Task statement
From the first line to the last, transcribe the data exactly and skip the pictures.

.....

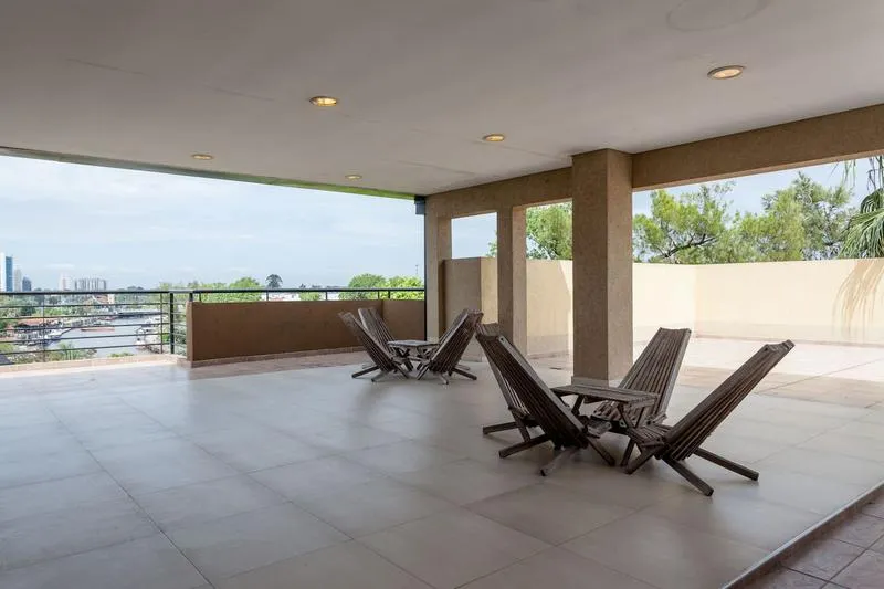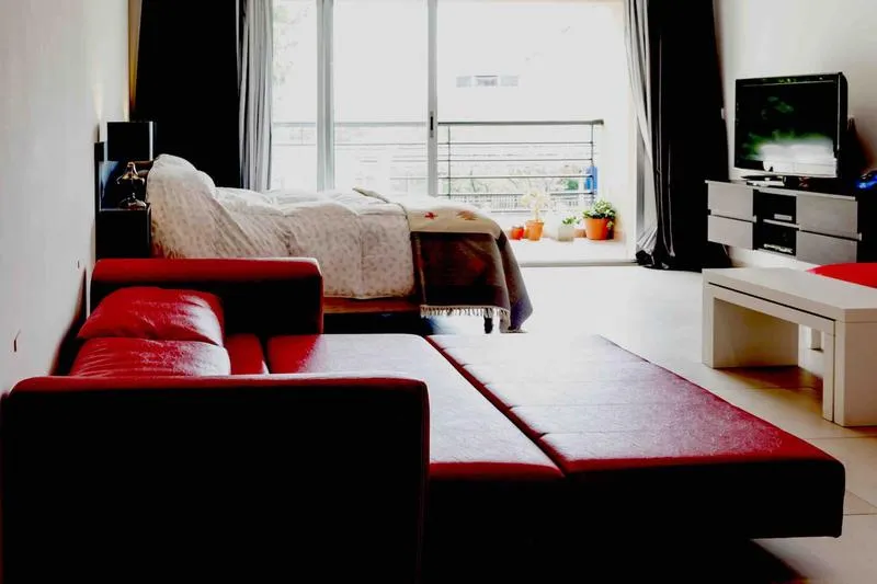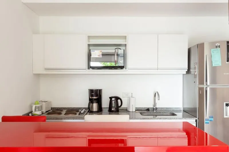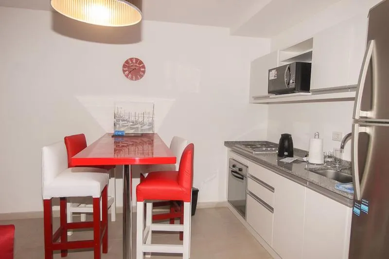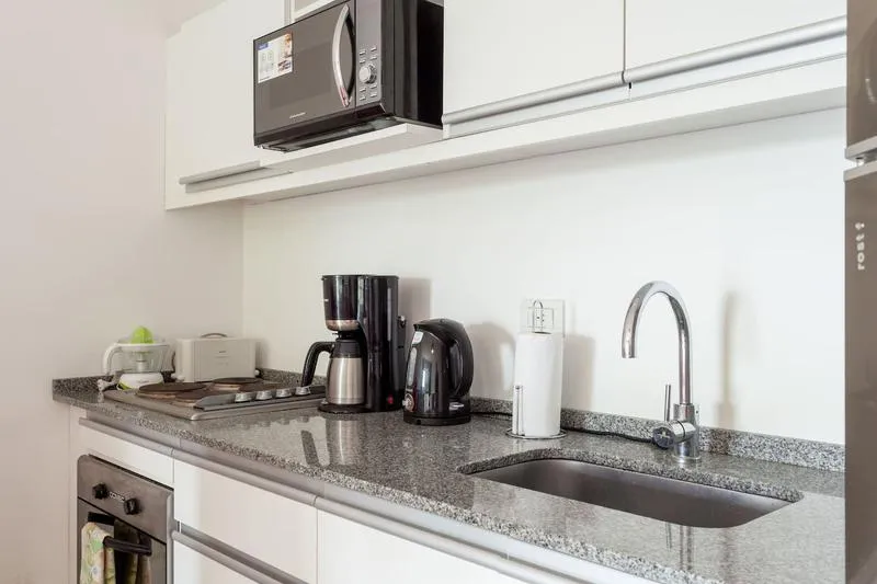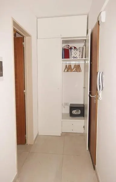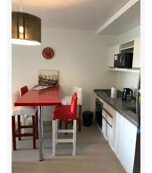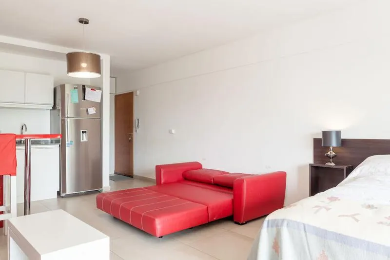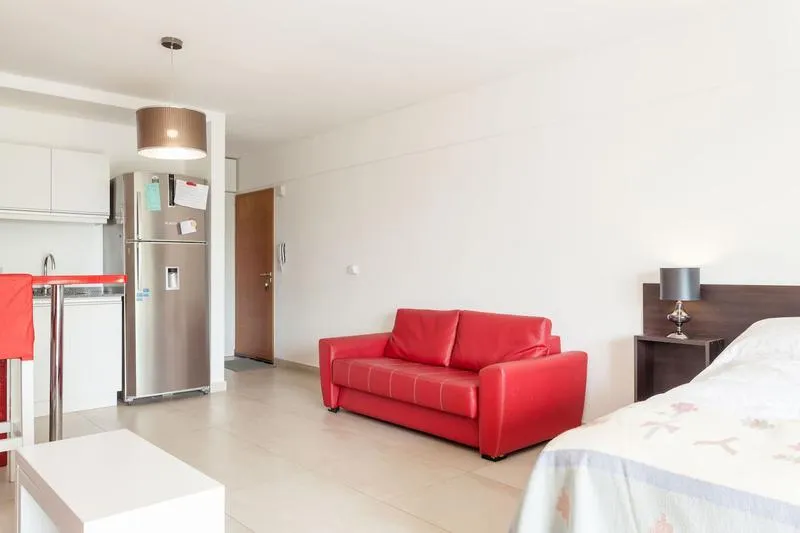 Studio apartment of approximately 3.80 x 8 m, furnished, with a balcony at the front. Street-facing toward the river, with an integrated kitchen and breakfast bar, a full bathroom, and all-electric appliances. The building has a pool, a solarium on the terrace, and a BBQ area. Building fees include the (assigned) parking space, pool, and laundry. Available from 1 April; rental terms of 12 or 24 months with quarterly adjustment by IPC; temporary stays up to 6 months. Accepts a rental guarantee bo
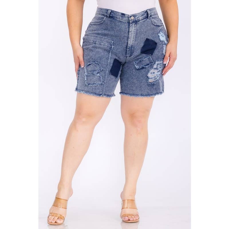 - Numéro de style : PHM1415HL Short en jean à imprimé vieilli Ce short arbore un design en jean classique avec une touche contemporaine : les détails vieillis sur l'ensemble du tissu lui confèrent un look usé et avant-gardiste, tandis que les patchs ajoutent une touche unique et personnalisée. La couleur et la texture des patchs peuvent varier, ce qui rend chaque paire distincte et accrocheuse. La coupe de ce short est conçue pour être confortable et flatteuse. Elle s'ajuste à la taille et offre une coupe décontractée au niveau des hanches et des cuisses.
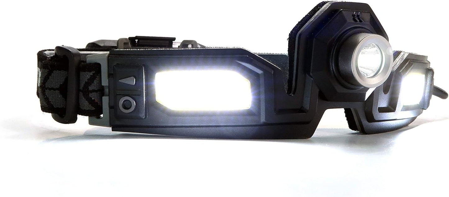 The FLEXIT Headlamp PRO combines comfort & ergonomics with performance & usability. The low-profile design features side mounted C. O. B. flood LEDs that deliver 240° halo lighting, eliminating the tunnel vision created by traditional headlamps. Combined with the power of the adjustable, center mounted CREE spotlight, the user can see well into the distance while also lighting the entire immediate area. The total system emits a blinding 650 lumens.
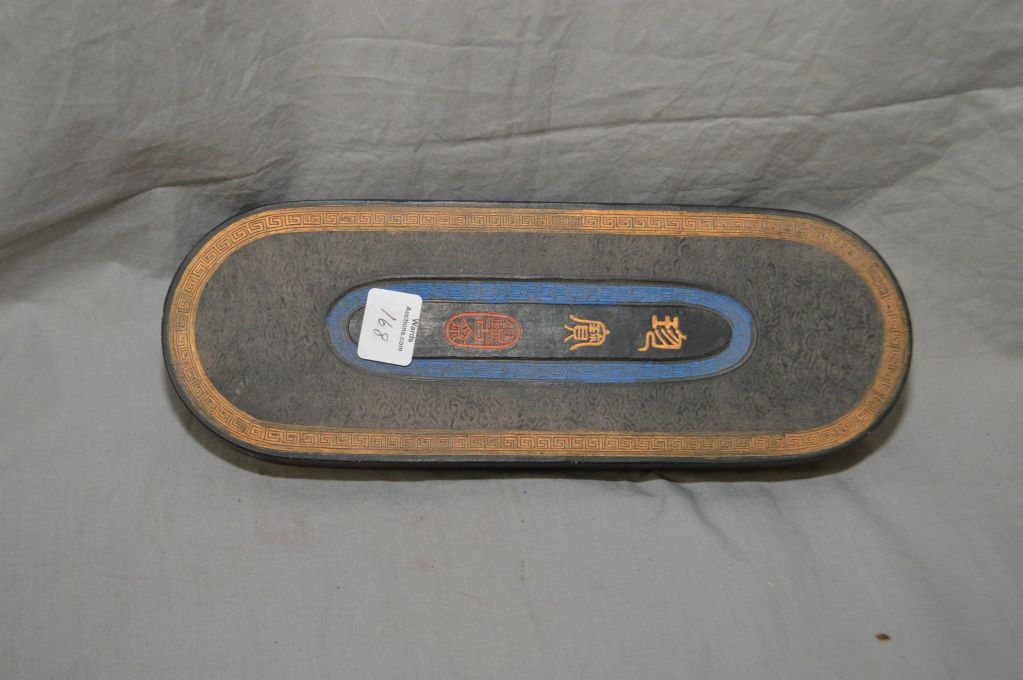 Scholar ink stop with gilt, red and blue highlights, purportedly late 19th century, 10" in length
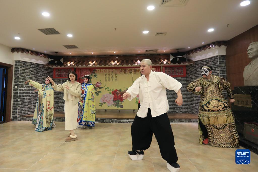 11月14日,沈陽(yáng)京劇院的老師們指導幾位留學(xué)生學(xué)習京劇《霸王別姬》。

.....

Response
 Studio apartment of approximately 3.80 x 8 m, furnished, with a balcony at the front. Street-facing toward the river, with an integrated kitchen and breakfast bar, a full bathroom, and all-electric appliances. The building has a pool, a solarium on the terrace, and a BBQ area. Building fees include the (assigned) parking space, pool, and laundry. Available from 1 April; rental terms of 12 or 24 months with quarterly adjustment by IPC; temporary stays up to 6 months. Accepts a rental guarantee bo
 - Numéro de style : PHM1415HL Short en jean à imprimé vieilli Ce short arbore un design en jean classique avec une touche contemporaine : les détails vieillis sur l'ensemble du tissu lui confèrent un look usé et avant-gardiste, tandis que les patchs ajoutent une touche unique et personnalisée. La couleur et la texture des patchs peuvent varier, ce qui rend chaque paire distincte et accrocheuse. La coupe de ce short est conçue pour être confortable et flatteuse. Elle s'ajuste à la taille et offre une coupe décontractée au niveau des hanches et des cuisses.
 The FLEXIT Headlamp PRO combines comfort & ergonomics with performance & usability. The low-profile design features side mounted C. O. B. flood LEDs that deliver 240° halo lighting, eliminating the tunnel vision created by traditional headlamps. Combined with the power of the adjustable, center mounted CREE spotlight, the user can see well into the distance while also lighting the entire immediate area. The total system emits a blinding 650 lumens.
 Scholar ink stop with gilt, red and blue highlights, purportedly late 19th century, 10" in length
 11月14日,沈陽(yáng)京劇院的老師們指導幾位留學(xué)生學(xué)習京劇《霸王別姬》。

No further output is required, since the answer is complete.